ACTION ITEM: If pictures appear in the lines below, skip them and copy exactly the lines from the one containing "通常よりも広い範囲を撮影できる 広角撮影をする時は、 マクロレンズをクリップに取付け" through the one containing "Постараемся дать оценку", and nothing else.

SOURCE RECORDS:
----
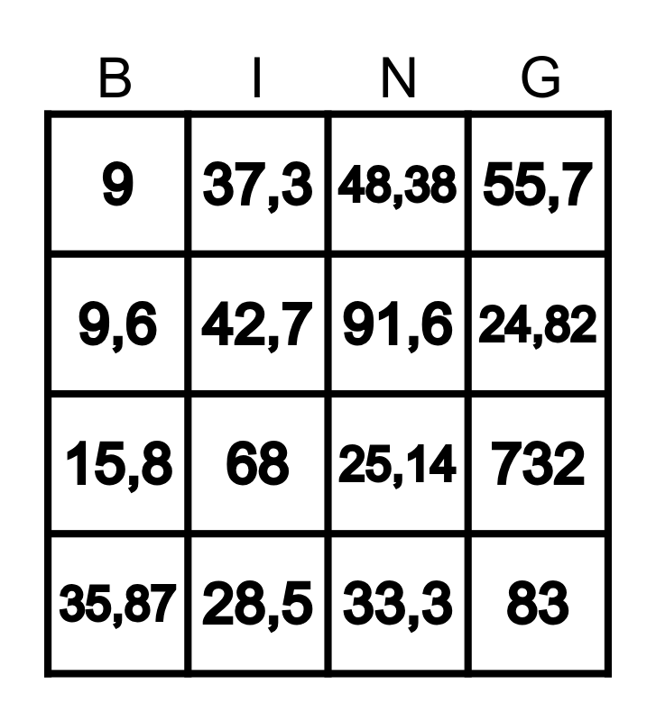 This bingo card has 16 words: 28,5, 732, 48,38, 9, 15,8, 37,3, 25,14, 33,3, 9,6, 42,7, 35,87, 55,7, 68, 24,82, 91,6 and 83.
----
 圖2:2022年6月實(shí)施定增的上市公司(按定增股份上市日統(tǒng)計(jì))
----
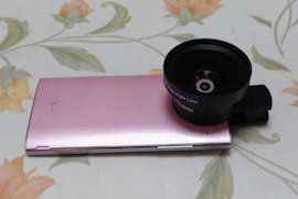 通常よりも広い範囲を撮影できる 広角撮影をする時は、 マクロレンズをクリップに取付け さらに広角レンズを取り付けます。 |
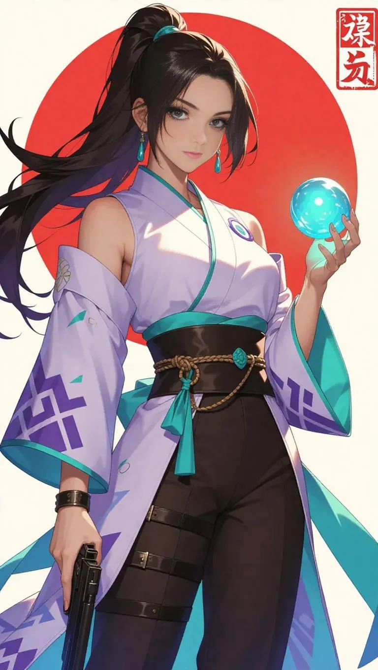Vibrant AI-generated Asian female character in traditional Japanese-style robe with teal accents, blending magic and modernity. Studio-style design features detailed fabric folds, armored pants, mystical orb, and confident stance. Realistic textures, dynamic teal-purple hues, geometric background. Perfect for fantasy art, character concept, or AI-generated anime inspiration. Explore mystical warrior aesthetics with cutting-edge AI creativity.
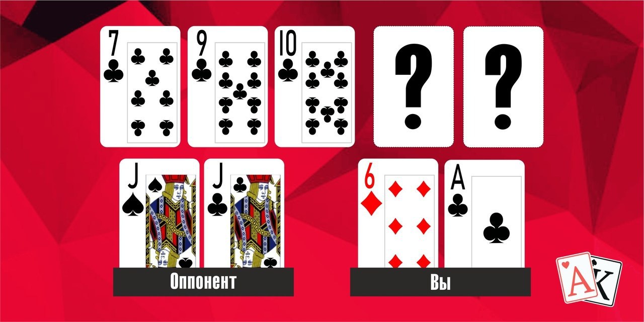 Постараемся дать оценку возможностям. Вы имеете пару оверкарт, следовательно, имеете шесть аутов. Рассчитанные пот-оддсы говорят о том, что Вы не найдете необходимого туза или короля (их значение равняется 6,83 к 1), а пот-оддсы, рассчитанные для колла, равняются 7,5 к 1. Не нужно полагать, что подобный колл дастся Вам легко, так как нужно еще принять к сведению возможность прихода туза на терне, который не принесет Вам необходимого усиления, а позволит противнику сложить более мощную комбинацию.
----
WRITTEN RESPONSE:
 通常よりも広い範囲を撮影できる 広角撮影をする時は、 マクロレンズをクリップに取付け さらに広角レンズを取り付けます。 |
Vibrant AI-generated Asian female character in traditional Japanese-style robe with teal accents, blending magic and modernity. Studio-style design features detailed fabric folds, armored pants, mystical orb, and confident stance. Realistic textures, dynamic teal-purple hues, geometric background. Perfect for fantasy art, character concept, or AI-generated anime inspiration. Explore mystical warrior aesthetics with cutting-edge AI creativity.
 Постараемся дать оценку возможностям. Вы имеете пару оверкарт, следовательно, имеете шесть аутов. Рассчитанные пот-оддсы говорят о том, что Вы не найдете необходимого туза или короля (их значение равняется 6,83 к 1), а пот-оддсы, рассчитанные для колла, равняются 7,5 к 1. Не нужно полагать, что подобный колл дастся Вам легко, так как нужно еще принять к сведению возможность прихода туза на терне, который не принесет Вам необходимого усиления, а позволит противнику сложить более мощную комбинацию.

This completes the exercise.